» **PROBLEM DESCRIPTION**
Your answer needs to include each line of the records in which the string "Officer" can be found.

» **PROVIDED RECORDS**
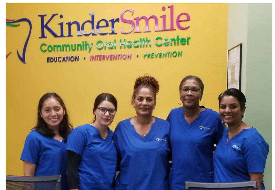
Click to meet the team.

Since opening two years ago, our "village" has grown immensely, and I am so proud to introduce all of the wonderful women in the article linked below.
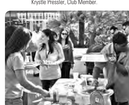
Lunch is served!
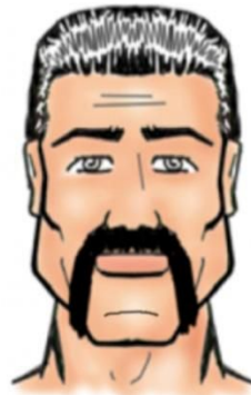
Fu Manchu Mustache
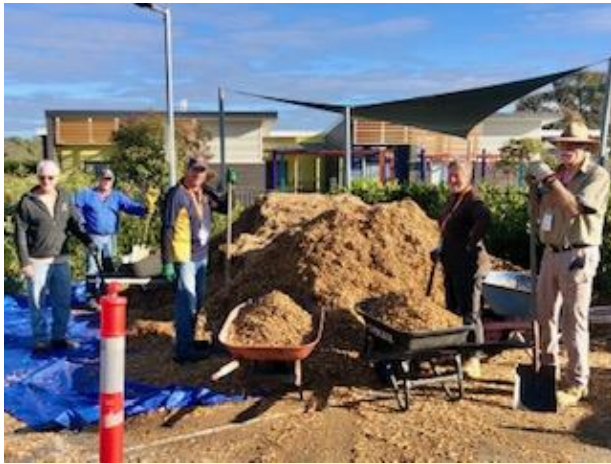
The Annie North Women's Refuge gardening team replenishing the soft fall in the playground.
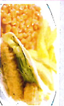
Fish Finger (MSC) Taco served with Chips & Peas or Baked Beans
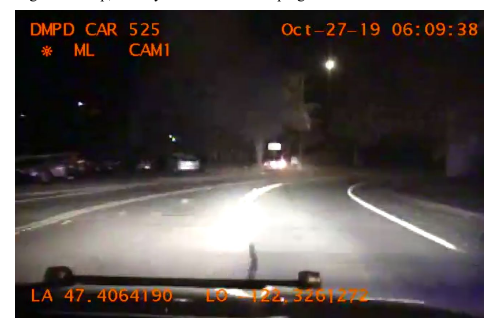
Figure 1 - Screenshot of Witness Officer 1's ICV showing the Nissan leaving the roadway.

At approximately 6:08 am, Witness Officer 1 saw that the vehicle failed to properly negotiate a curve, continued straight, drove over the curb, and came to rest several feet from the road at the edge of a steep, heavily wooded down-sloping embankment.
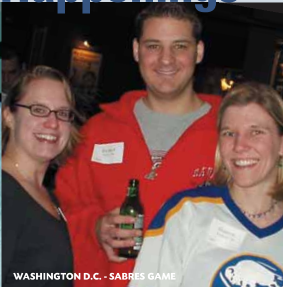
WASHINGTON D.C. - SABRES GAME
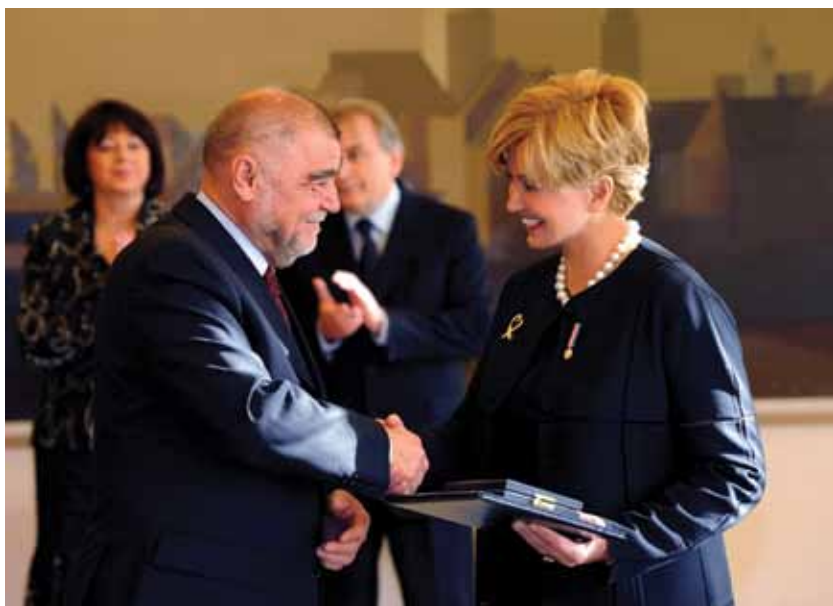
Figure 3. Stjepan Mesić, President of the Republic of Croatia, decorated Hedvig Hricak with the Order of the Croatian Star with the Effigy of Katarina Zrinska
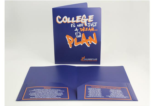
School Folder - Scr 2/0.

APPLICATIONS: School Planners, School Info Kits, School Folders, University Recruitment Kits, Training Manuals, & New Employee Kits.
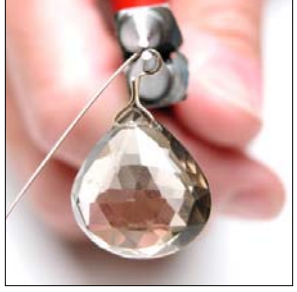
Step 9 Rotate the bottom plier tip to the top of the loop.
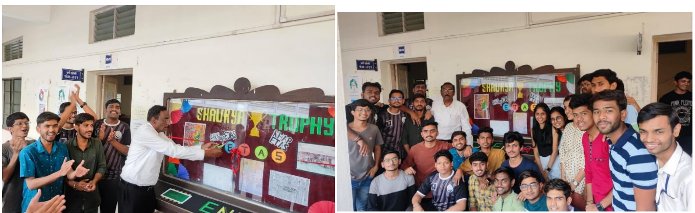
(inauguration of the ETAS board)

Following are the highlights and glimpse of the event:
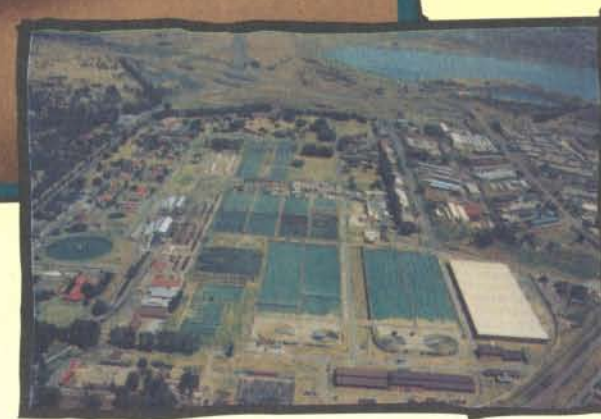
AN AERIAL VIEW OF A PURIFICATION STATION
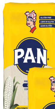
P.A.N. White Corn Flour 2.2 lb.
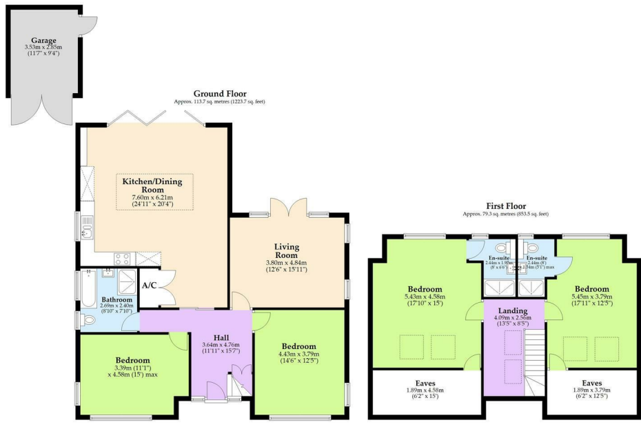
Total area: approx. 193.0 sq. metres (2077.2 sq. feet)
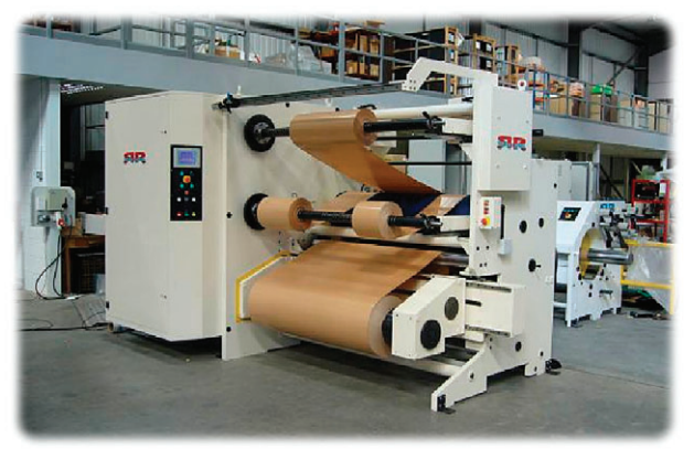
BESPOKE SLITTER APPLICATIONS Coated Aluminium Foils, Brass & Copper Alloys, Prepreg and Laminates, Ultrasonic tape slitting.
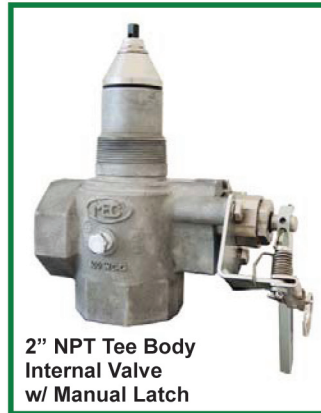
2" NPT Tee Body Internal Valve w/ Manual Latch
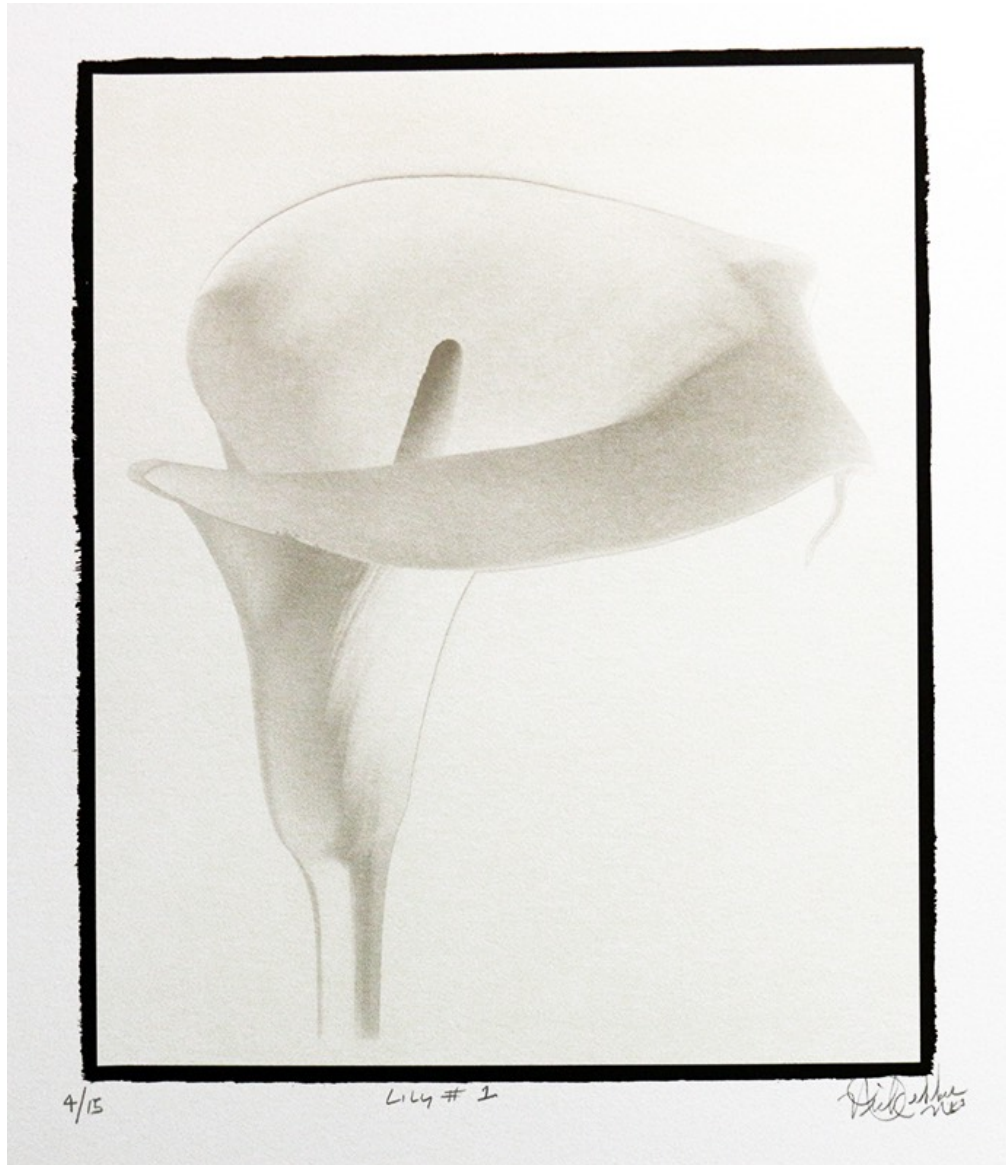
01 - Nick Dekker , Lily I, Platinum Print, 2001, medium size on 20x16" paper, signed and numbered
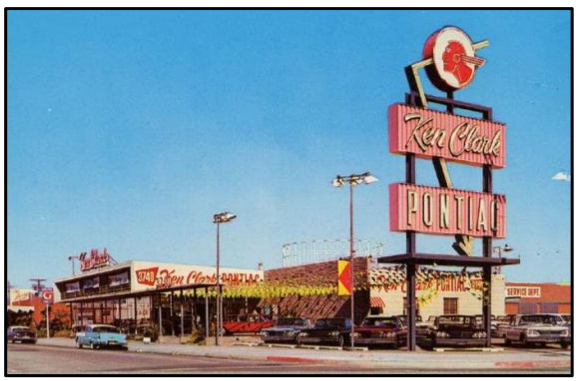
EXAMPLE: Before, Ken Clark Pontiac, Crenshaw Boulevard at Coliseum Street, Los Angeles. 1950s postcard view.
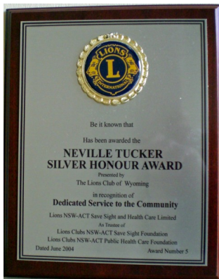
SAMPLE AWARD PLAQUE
---
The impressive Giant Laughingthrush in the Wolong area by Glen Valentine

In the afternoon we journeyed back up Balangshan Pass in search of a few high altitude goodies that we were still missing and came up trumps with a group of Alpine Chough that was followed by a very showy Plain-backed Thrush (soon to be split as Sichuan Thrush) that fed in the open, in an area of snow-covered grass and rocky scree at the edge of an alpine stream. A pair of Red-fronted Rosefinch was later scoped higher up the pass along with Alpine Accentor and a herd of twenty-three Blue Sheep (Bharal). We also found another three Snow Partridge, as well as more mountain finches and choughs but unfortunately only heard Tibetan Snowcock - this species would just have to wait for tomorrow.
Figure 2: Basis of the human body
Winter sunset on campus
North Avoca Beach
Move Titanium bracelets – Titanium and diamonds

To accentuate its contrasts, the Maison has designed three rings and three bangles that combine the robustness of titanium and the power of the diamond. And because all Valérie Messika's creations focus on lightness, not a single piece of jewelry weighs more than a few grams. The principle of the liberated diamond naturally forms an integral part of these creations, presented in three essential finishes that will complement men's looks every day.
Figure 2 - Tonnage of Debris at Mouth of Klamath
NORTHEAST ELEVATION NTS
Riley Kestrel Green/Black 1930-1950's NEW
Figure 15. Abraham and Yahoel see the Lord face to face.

» **RESPONSE AREA**
Figure 1 - Screenshot of Witness Officer 1's ICV showing the Nissan leaving the roadway.
At approximately 6:08 am, Witness Officer 1 saw that the vehicle failed to properly negotiate a curve, continued straight, drove over the curb, and came to rest several feet from the road at the edge of a steep, heavily wooded down-sloping embankment.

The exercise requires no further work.